EXERCISE MATERIAL
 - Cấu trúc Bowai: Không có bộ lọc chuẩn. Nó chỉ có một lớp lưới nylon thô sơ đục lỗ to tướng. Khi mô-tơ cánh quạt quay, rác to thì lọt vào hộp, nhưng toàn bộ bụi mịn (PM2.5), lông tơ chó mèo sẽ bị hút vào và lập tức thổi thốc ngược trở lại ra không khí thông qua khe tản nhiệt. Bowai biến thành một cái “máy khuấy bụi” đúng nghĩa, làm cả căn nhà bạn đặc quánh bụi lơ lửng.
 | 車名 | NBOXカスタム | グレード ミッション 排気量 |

==

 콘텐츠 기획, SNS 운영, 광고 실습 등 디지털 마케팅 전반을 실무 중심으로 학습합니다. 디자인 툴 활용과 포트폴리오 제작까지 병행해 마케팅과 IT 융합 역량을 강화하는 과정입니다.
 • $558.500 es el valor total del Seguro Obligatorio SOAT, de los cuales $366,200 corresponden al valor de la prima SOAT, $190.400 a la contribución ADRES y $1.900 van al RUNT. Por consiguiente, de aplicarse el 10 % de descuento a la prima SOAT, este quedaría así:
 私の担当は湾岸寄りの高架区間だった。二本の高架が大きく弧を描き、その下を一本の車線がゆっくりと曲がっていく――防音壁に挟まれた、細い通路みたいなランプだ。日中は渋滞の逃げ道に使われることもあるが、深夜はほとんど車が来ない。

YOUR INSTRUCTIONS
Set down, exactly as they stand above, the lines starting with the line with "- Cấu trúc Bowai: Không" and going on through the line with "ミッション 排気量 |", and no others.

TASK RESULT
 - Cấu trúc Bowai: Không có bộ lọc chuẩn. Nó chỉ có một lớp lưới nylon thô sơ đục lỗ to tướng. Khi mô-tơ cánh quạt quay, rác to thì lọt vào hộp, nhưng toàn bộ bụi mịn (PM2.5), lông tơ chó mèo sẽ bị hút vào và lập tức thổi thốc ngược trở lại ra không khí thông qua khe tản nhiệt. Bowai biến thành một cái “máy khuấy bụi” đúng nghĩa, làm cả căn nhà bạn đặc quánh bụi lơ lửng.
 | 車名 | NBOXカスタム | グレード ミッション 排気量 |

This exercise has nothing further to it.